▶ **Task prompt**: Everything from the opening line of the records below through the line with "整个太阳能接收装置的结构如图" must be duplicated exactly, pictures left out.

▶ **Record set**:
_ _ _ _ _ _ _

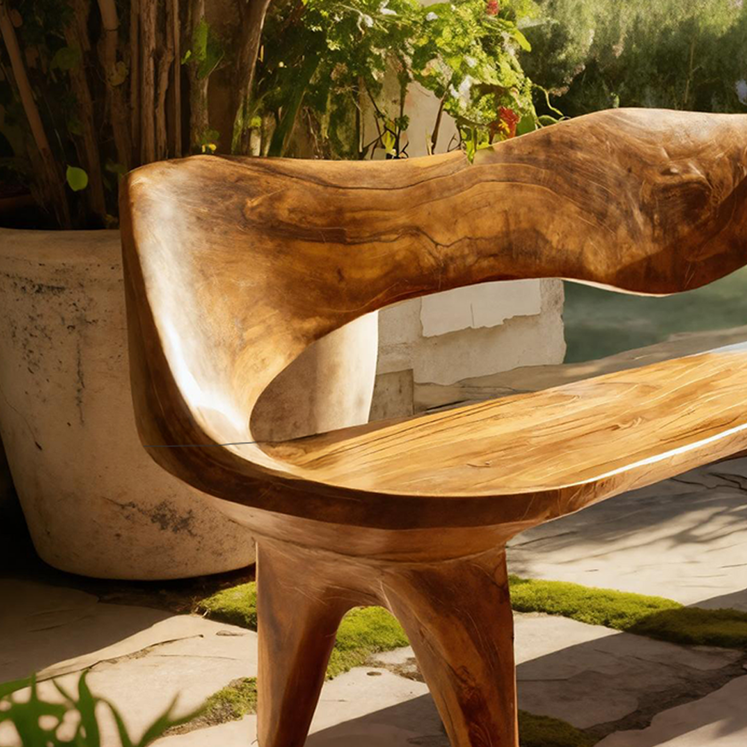 Handcrafted Curved Wood Bench For Outdoor Furniture Styling
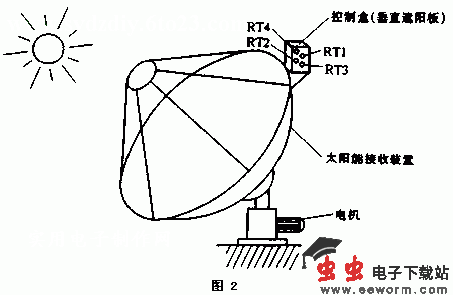 整个太阳能接收装置的结构如图2。兼作垂直遮阳板的外壳最好使用无反射的深颜色材料,四只光敏电阻的参数要求一致,即亮、暗电阻相等且成线性变化。安装时,四只光敏电阻不要凸出外壳的表面,最好凹进一点,以免散射阳光的干扰;垂直遮阳板(即控制盒)装在接收装置的边缘,既能随之转动又不受其反射光的强烈照射。凋试时,首先不让太阳直接照到四只光敏电阻上,然后调节RP1、RI2,使LM358两正向输人端的电位相等且高于反向输人端0.5V-1V。调试完毕后,让阳光照到垂直遮阳板上,接收装置即可自动跟踪太阳了。
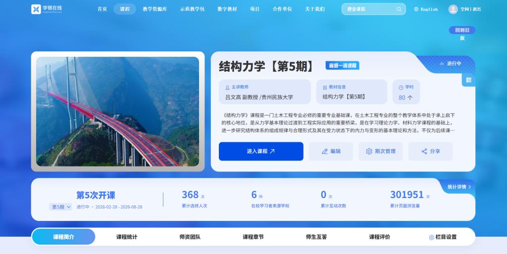 (1)《结构力学Ⅰ》是土木工程专业的必修及核心课程,系统讲授平面杆系结构的基本概念、组成规律及计算理论与方法,是后续其他课程学习的基础。结构力学课程开设于2007年,2019年至今由吕文高任主讲教师,任教以来一直进行课程教学改革的探索与实践。2020年该课程获批校级一流混合式课程,开始完善线下结构力学课程的相关资源,如课程简介、教材与参考教材、课程标准、教学大纲、教学教案、PPT课件、题库建设、课程考核体系等,同时也为下一步线上课程建设提供大量资料。2022年该课程获批省级一流线上课程,建设内容主要包括知识点模块化、知识点脚本完善、高质量教学视频、随堂测验、随堂讨论、单元测验、单元作业及工程案例等非视频资源。经过三年的课程运营与持续建设,该课程于2025年获批国家级一流本科课程(线上线下混合式一流课程)。目前,《结构力学》省级一流线上课程已运营到第5期(图1),同时以线上线下混合式开展教学活动。
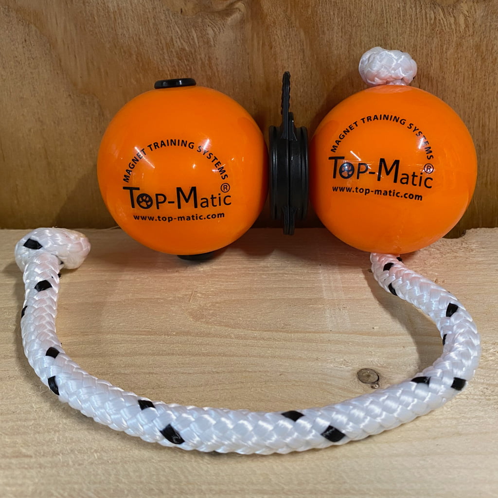 Ich empfehle Ihnen, Ihren Hund zunächst mit den Top-Matic Magnetbällen völlig "verrückt" zu machen. Es ist am besten, wenn Sie nach jeder Trainingseinheit mit den Magnetbällen spielen. Die besten Ergebnisse erzielen Sie, wenn Sie zwei Magnetbälle haben. Deshalb besteht das Top-Matic Profi-Set auch aus zwei Magnetbällen. So lernen Sie am einfachsten, wie Sie die Magnetkugeln apportieren können. Zunächst beginnen wir ohne den externen Magneten(Top-Matic Multi Power Clip). Bringen Sie Ihrem Hund bei, dass diese Bälle etwas ganz Besonderes sind. Geben Sie die Bälle also niemals als Spielzeug, sondern nur als Abschluss des Trainings, um ein Zug- oder Apportierspiel zu spielen.
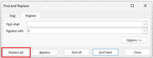 Select the Replace command and enter a zero "0" in the "Replace with" box. Leave the "Find What" box empty.

_ _ _ _ _ _ _

▶ **Response**:
 Handcrafted Curved Wood Bench For Outdoor Furniture Styling
 整个太阳能接收装置的结构如图2。兼作垂直遮阳板的外壳最好使用无反射的深颜色材料,四只光敏电阻的参数要求一致,即亮、暗电阻相等且成线性变化。安装时,四只光敏电阻不要凸出外壳的表面,最好凹进一点,以免散射阳光的干扰;垂直遮阳板(即控制盒)装在接收装置的边缘,既能随之转动又不受其反射光的强烈照射。凋试时,首先不让太阳直接照到四只光敏电阻上,然后调节RP1、RI2,使LM358两正向输人端的电位相等且高于反向输人端0.5V-1V。调试完毕后,让阳光照到垂直遮阳板上,接收装置即可自动跟踪太阳了。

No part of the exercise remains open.